Ghulail’s kawarea and NYC’s salt

December 16, 2015
Fahd-Bin-Jleid
Fahd-Bin-Jleid

Fahd Bin Jleid

CAN you believe that the salt shaker warning icon on New York City menus is the source of dispute between the city’s restaurant owners and its department of health? This is due to the insistence of the latter that eateries should have the image of a salt shaker on their menus to warn the public on high-salt dishes at chain restaurants.

Some restaurateurs argue that such measures would needlessly mire already burdened eateries in more red tape. Meanwhile, NYC’s health department insists on the necessity to warn people who eat meals from restaurants that high-salt (high-sodium) dishes are harmful to health, and that there is too much salt in these meals, compared to the recommended sodium level of less than 2,300 mg, or one teaspoon, per day

In some of our fast food restaurants, the frying oil is used repeatedly for more than two days without any warning or even intervention. Furthermore, no importance is attached to a complaint on repeatedly used cooking oil. If matters were left to me, I would have opened the way for providing external scholarships to the heads of municipalities and public health supervisors of restaurants and grocery shops so that they know the value of humans and the importance of maintaining their health. Such matters should not be neglected at all!

In neighboring Gulf countries, the first places that were supervised were the restaurants of five-star hotels, in order to ensure that food is safe and that no food from open buffets is reused between meals. Apart from this, small cafeterias have surveillance cameras installed in them. Also, there is clear abidance by the rules. Data on the frying and cooking oil used is available for all to see, including when they were used and disposed of.

In the Kingdom, the issue goes beyond food and drink being suitable for consumption and some of the ingredients being harmful. It reaches to noncompliance with the imposed laws and conditions. One of Riyadh’s well-known hotels supplies guests with bills for food and beverages in English only. The bill has a footnote that says: “If you want a bill in Arabic, ask the waiter to provide you one.” It is as if Arabic is the second language in the Kingdom and English the official language!

The supervisory regulations on food in our country should go beyond superficial matters. It seems that we are keen to imitate international restaurants only. We compare the prices and appearances without raising questions on the ingredients, nutritional value and hazards of added substances.

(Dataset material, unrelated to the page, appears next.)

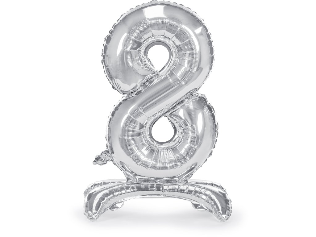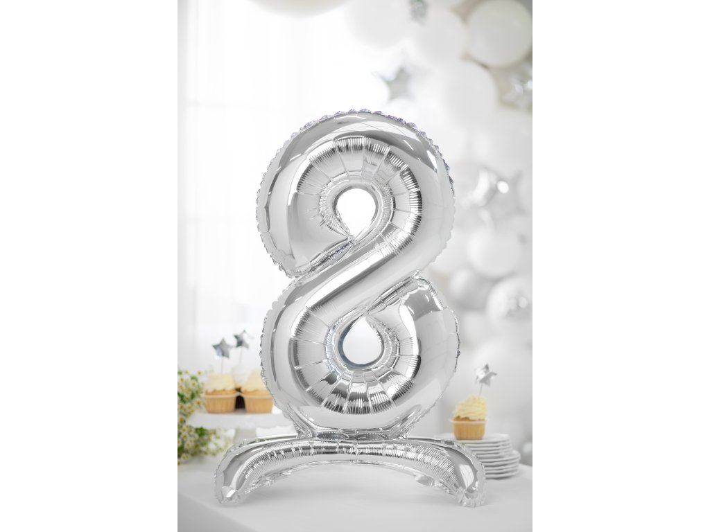 Balon stojący numer ''8'' w kolorze srebrnym, rozmiar przed napompowaniem ok. 90 cm (35''), rozmiar po napompowaniu ok. 70 cm (27,5''). Napompuj powietrzem.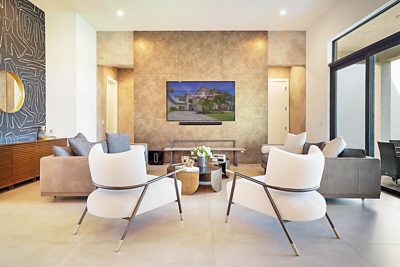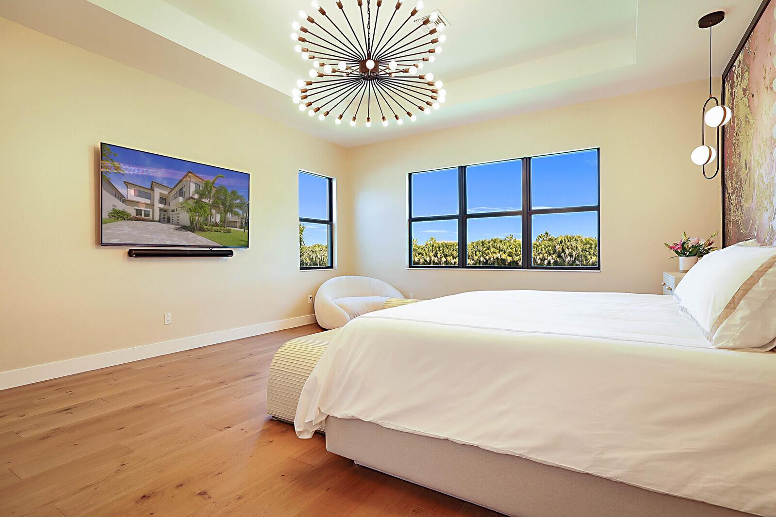 Welcome home to a custom Palma model like no other. 9119 Benedetta is the epitome of luxurious living boasting 5 ensuite bedrooms, a living room, an oversized dining room, chef's kitchen, home office, club room, loft, home theatre, powder room and 3 car garage. This extraordinary luxurious contemporary estate embodies a fusion of sophistication and style with incredible designer finishes throughout its 5,815 interior square feet. Nestled within the coveted Boca Bridges community this exceptional residence features unparalleled design, one-of-a-kind details, and luxurious upgrades. This home makes a commanding first impression with it's two story entryway, hand painted plaster walls and glass railing unfolding into a magnificent foyer. The chef's kitchen with custom cabinetry,

I am sure that if a team from the New York State Public Health Council visits the traditional restaurants in the districts of Al-Margab or Al-Hillah in Riyadh or Ghulail in Jeddah and saw kawarea (bone soup) or taqatee (fried pieces of kidney and liver) being prepared, not to mention the type of oil and the quantity used to prepare liver (kibdah), its members would have a stroke. They would have no idea what warning labels, symbols or descriptions to use on such menu items.

We have reached this current state because those serving as municipal supervisors need not have gone overseas to study abroad on a scholarship. Furthermore, it is impossible to send a person occupying this post to study abroad on scholarship.